FormalPara Key Points

Dermatitis herpetiformis affects mostly adults, presenting with symmetrical rash and intense itch, mainly on the elbows, knees, and buttocks.

Diagnosis is confirmed by showing granular immunoglobulin A deposits in papillary dermis on immunofluorescence examination.

Gluten-free diet is the treatment of choice for all patients: it slowly heals the rash and subclinical villous atrophy, i.e., celiac disease, in the small bowel.

Strict adherence to a gluten-free diet needs advice from a dietitian, support from family members and celiac disease patient organizations, and leads to excellent long-term prognosis.

1 Dermatitis Herpetiformis Linked to Celiac Disease

Dermatitis herpetiformis (DH) was described as a dermatological entity by Louis Duhring in 1884, 4 years before Samuel Gee defined the gastrointestinal symptoms of celiac disease [1, 2]. In the 1960s, small bowel biopsies taken from patients with DH showed villous atrophy in most patients, although they had no overt gastrointestinal symptoms [3, 4]. One-fourth of the patients with DH had normal small bowel villous architecture with an increased density of intraepithelial lymphocytes, which was later confirmed to be celiac-type minor enteropathy [5]. The finding of immunoglobulin A (IgA) deposits in the papillary dermis of patients with DH was of the utmost diagnostic importance [6]. In the 1970s, further findings linking DH and celiac disease included an identical human leukocyte antigen (HLA) pattern [7], the response of the rash to a gluten-free diet (GFD) [8, 9], and the occurrence of both diseases within families [10]. In the 1990s, genetic studies confirmed that virtually every patient with DH and celiac disease had the alleles contributing to the HLA-DQ2 or HLA-DQ8 haplotype [11], and even monozygotic twin pairs affected by both phenotypes were found [12].

DH is now known to be a common extraintestinal manifestation of celiac disease occurring in up to 10% of the celiac disease patient series in Europe and North America [13,14,15]. Small DH series have also recently been described in Brazil, China, and India [16,17,18]. The incidence of DH has been shown to be decreasing [19, 20], whereas the opposite is true for celiac disease, most likely because of improved awareness of subclinical cases and the wide use of serologic screening [21]. However, why only some undiagnosed celiac individuals develop an itchy blistering rash with dermal IgA deposits, i.e., DH, remains unknown.

During the last 20 years, several important research findings have emerged.

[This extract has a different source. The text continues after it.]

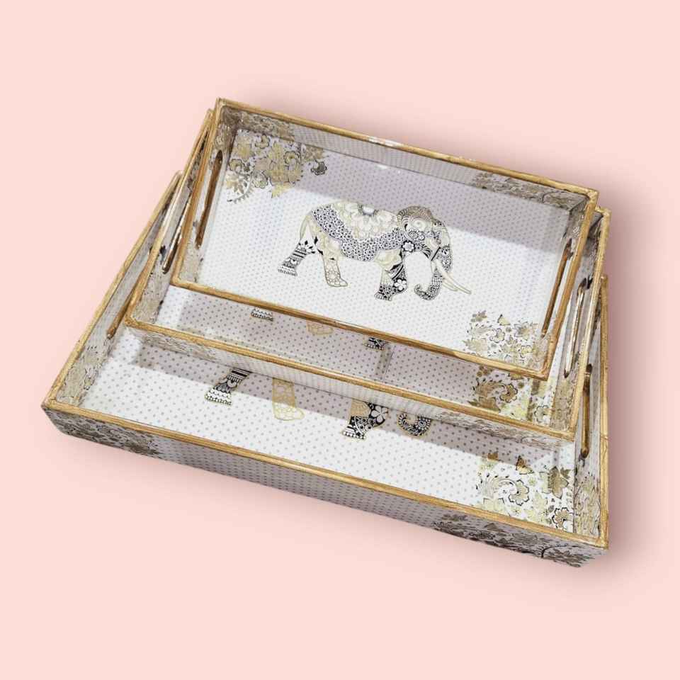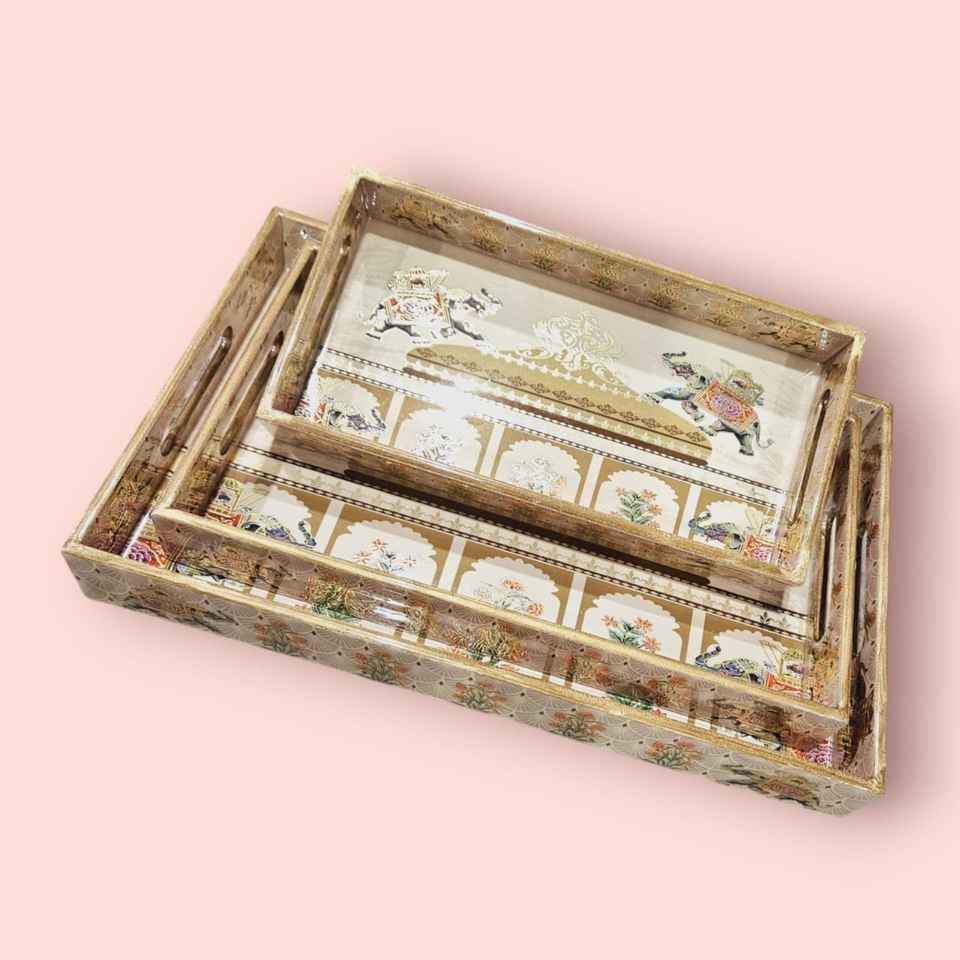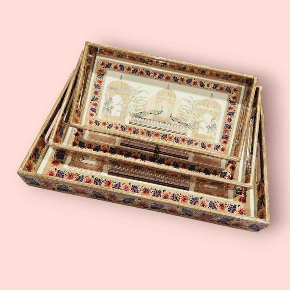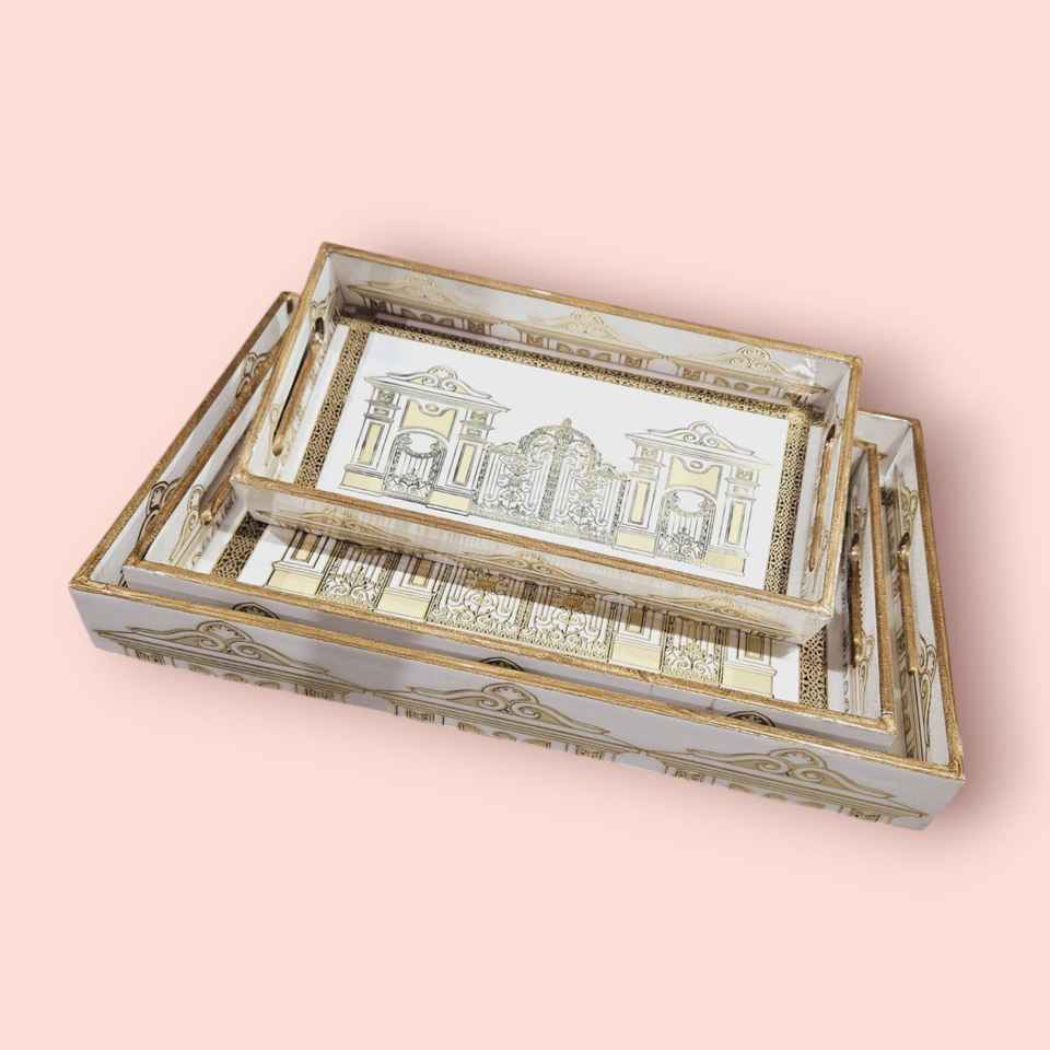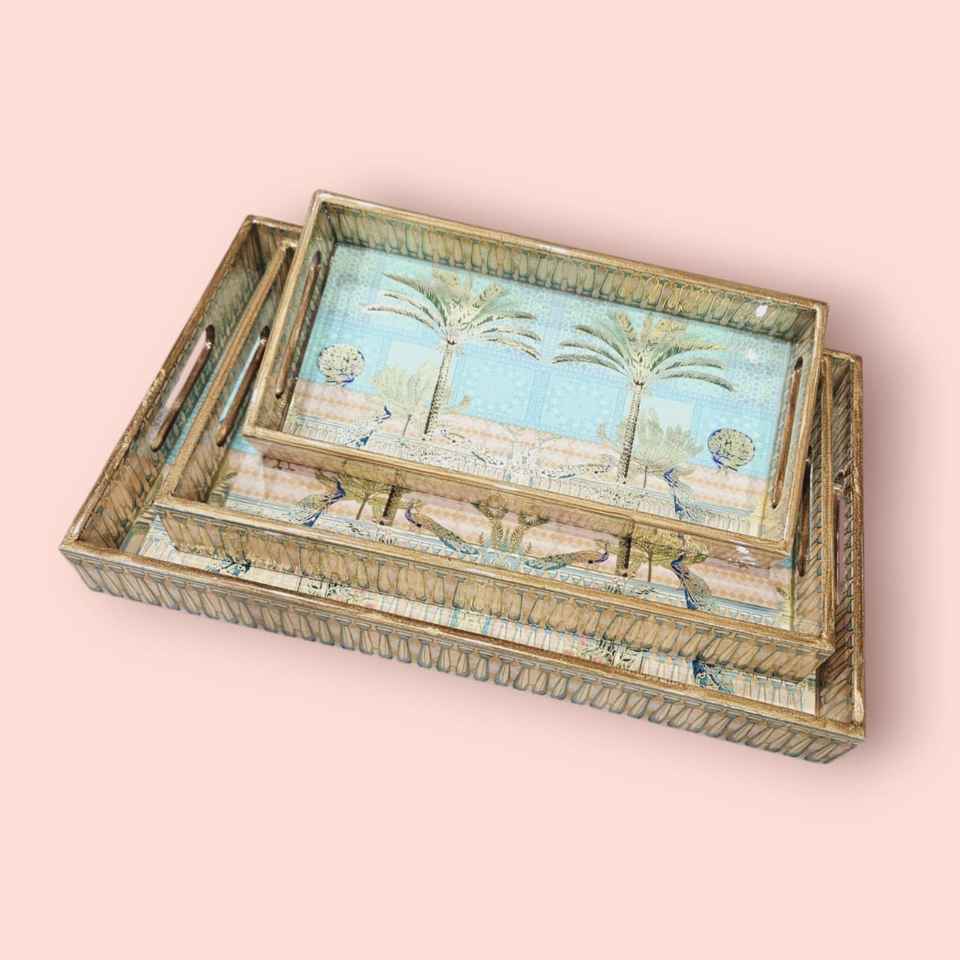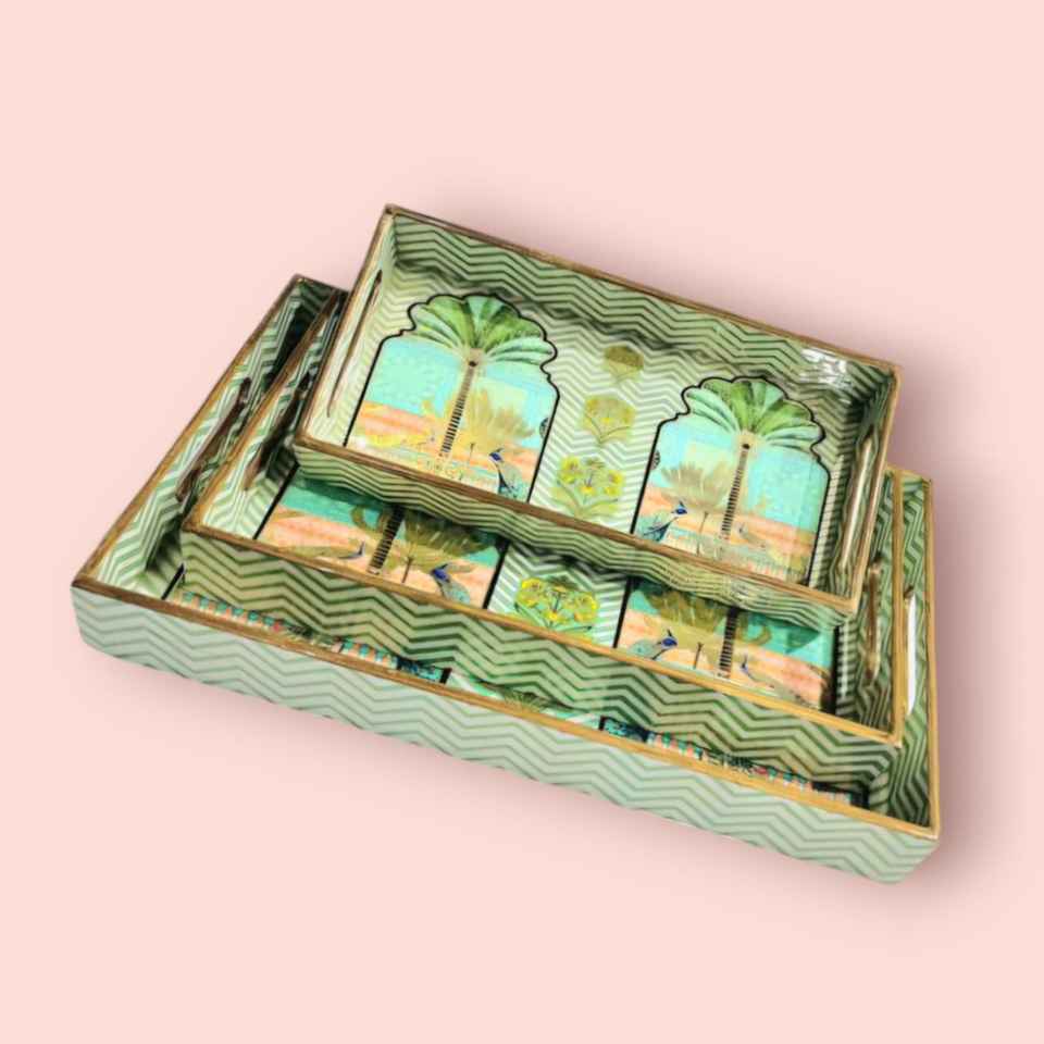 Luxury Art Deco Plant Pattern Eco-friendly Wooden Serving Trays Set-Multi-piece Home Decor Gift

A breakthrough in celiac disease research was the discovery by Dieterich et al. [22] in 1997 that tissue transglutaminase (TG2) was the target autoantigen for IgA antibody responses. Five years later, Sárdy et al. [23] showed that epidermal transglutaminase (TG3) was the autoantigen in DH. At present, IgA-class TG3 autoantibodies are known to be produced by plasma cells in the small bowel [24]; they occur in the blood of most patients with DH, are partly bound in the circulating immune complexes, and disappear with a GFD [25, 26]. Importantly, the TG3 enzyme coexists with IgA autoantibodies in the dermal deposits, forming tightly bound immune complexes [27].

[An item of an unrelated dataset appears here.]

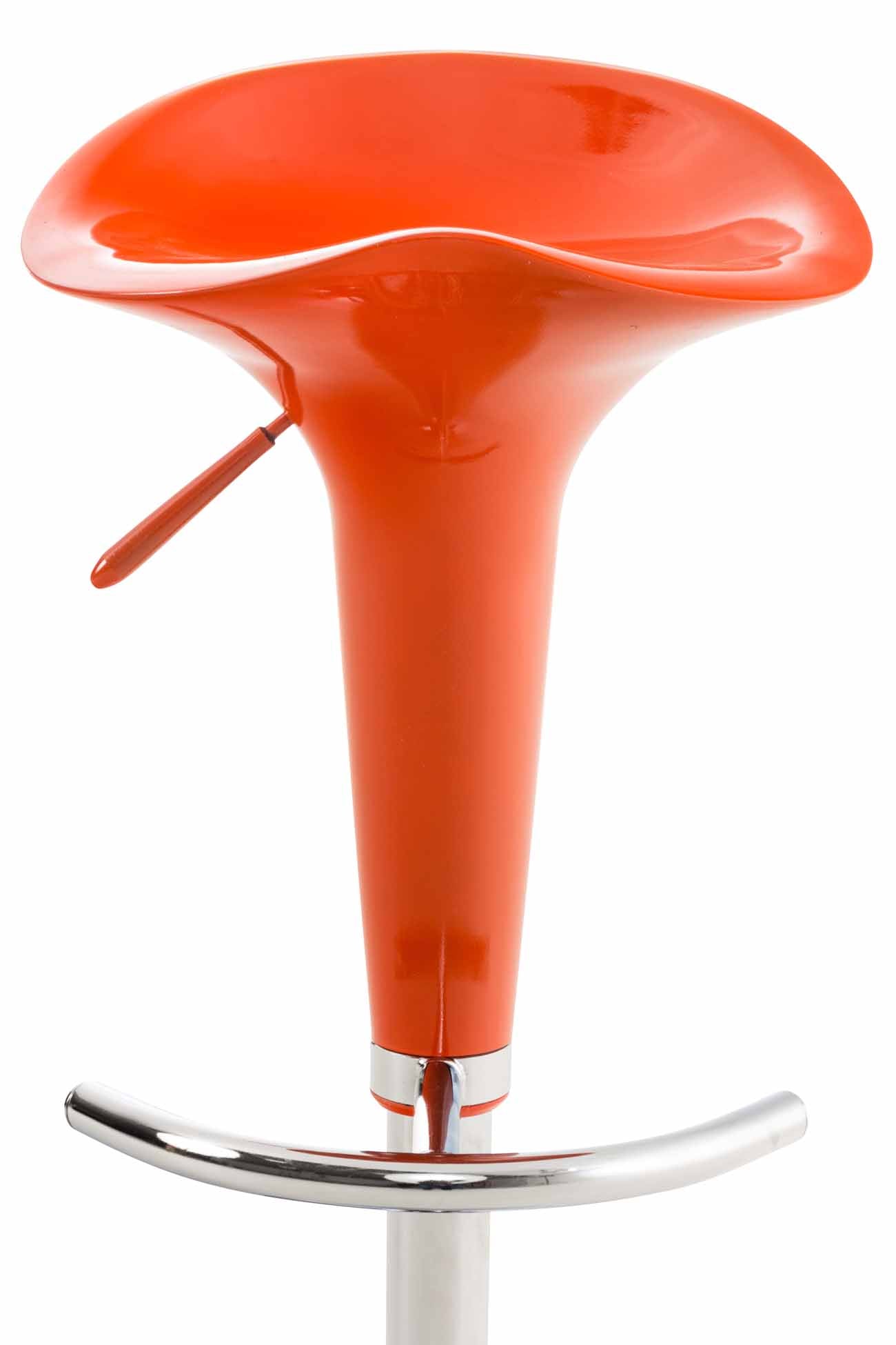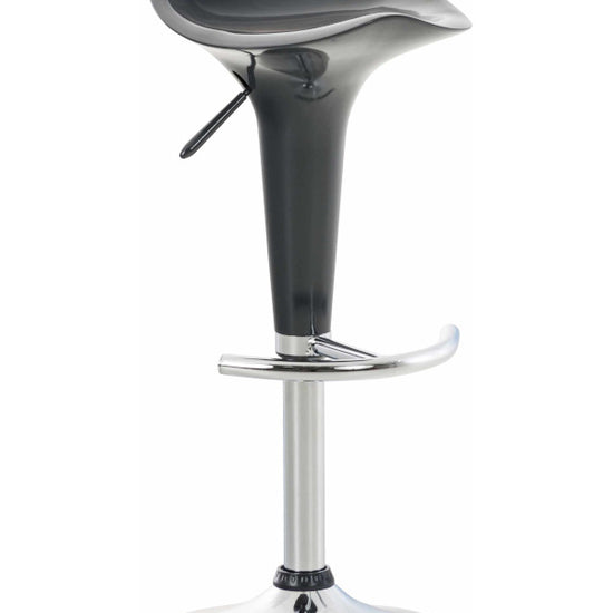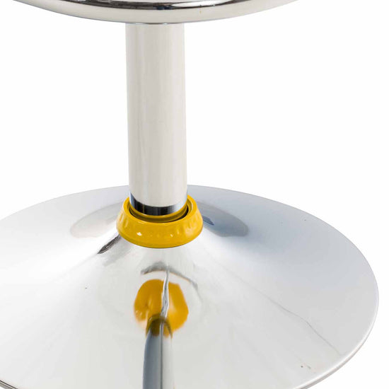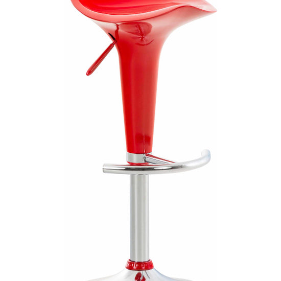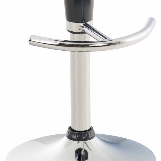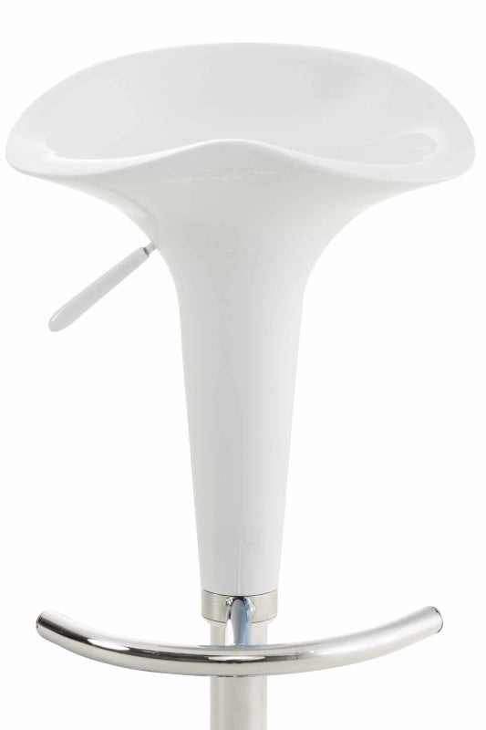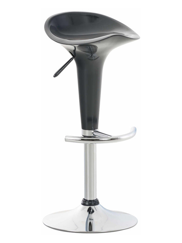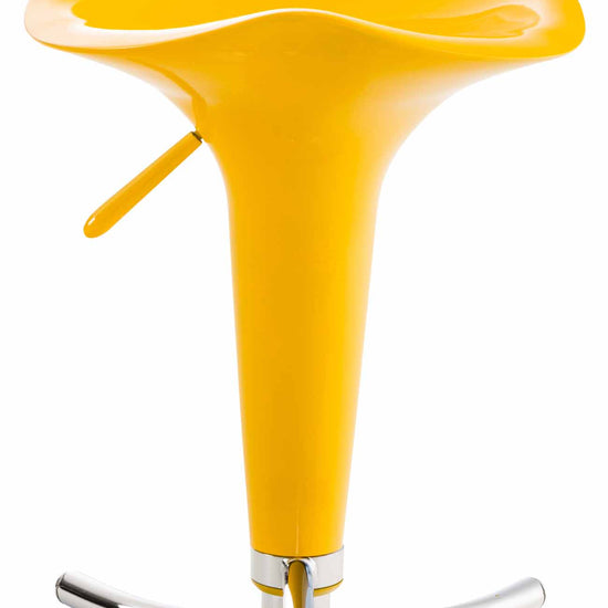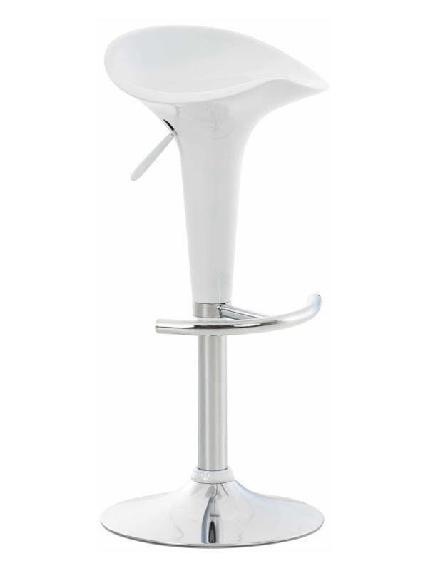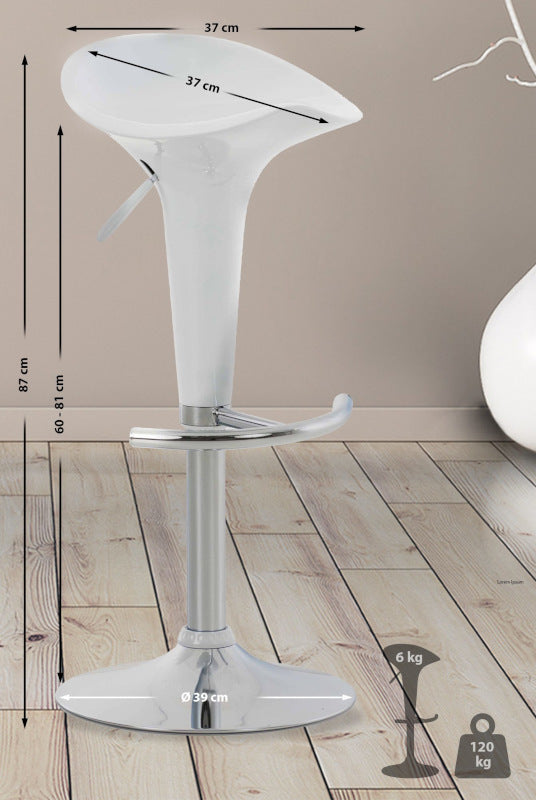 Made of durable polypropylene , this bar stool is easy to clean. The chrome-plated, trumpet-shaped base features a footrest for added comfort. A rubber ring under the base prevents damage to the floor.

2 Clinical Presentation, Sex, and Age at Diagnosis

2.1 Clinical Presentation

The clinical picture of DH consists of an itchy rash occurring in the favored sites of the elbows, the extensor surfaces of the forearms, the knees, and the buttocks, including the sacral area [28] (Fig. 1). The rash is polymorphic, consisting of small blisters, papules, and erythema; however, because of the intense itch and associated scratching, erosions, crusts, and postinflammatory hyperpigmentation often dominate the clinical picture. The localization of the rash is so typical for DH that the itchy rash in the predominant skin sites usually raises suspicion of DH [29]. However, the severity of the rash varies between individuals, and a more intense rash may also affect other sites, such as the scalp, face, and upper back. The clinical picture and severity of the DH rash seem to have remained unchanged over recent decades [30] without becoming milder or otherwise nonclassical as seen in celiac disease [21, 31]. The itch in DH is very prominent; in half of the patients, it is a constant finding and correlates with common sleep disturbances [32]. Triggering factors such as taking indomethacin and inadvertent dietary iodide ingestion are known to exacerbate the rash and itching [33, 34]. A few cases of localized DH on the face or elsewhere on the body have been described [35]. Acral purpura is a rare finding in DH and may be seen either with the typical rash or as the only symptom of the disease, especially in children with DH [36, 37].

Fig. 1
figure 1

Dermatitis herpetiformis lesions on the a elbows and b knees: observe symmetrical distribution and erosions due to scratching. c A close-up view of a small blister. d Direct immunofluorescence finding of uninvolved skin showing pathognomonic granular immunoglobulin A deposits at the dermo-epidermal junction

The differential diagnosis of DH includes various itchy, excoriated, and blistering skin diseases. Linear IgA disease and sometimes bullous pemphigoid may clinically resemble DH, but immunofluorescence examination easily differentiates these disorders [38, 39]. Other itchy skin diseases, such as scabies, atopic and nummular dermatitis, lichen planus, and urticaria may also resemble DH, but the most obvious difference is the symmetrical distribution of the rash on the favored sites in DH [40].

Despite the highly characteristic clinical picture of DH, familiar to many dermatologists, suspicion for the correct diagnosis is not self-evident in primary care. The mean delay in diagnosis of DH has been reported to be as long as 3.2 years [41]. In recent studies from Finland, one-third of patients with DH or celiac disease had delays of at least 2 and 10 years, respectively, and the female sex was significantly associated with a delayed diagnosis in both studies [42, 43] (Table 1). Fortunately, the diagnostic delay has shortened in recent years, possibly because the Finnish celiac disease guideline is available online and is open to all physicians [44]. The guideline also describes DH with clinical pictures and provides information on how and where the diagnosis can be made.

Table 1 Differences between dermatitis herpetiformis and celiac disease

2.2 Sex and Age at Diagnosis

Earlier studies on DH have shown a clear male predominance, whereas two recent large studies in adults with DH found the male-to-female ratio to be close to 1:1 [19, 20] (Table 1). This is in sharp contrast to celiac disease, in which females clearly outnumber males [45]. The female trend also appears to be valid in children with DH [46, 47].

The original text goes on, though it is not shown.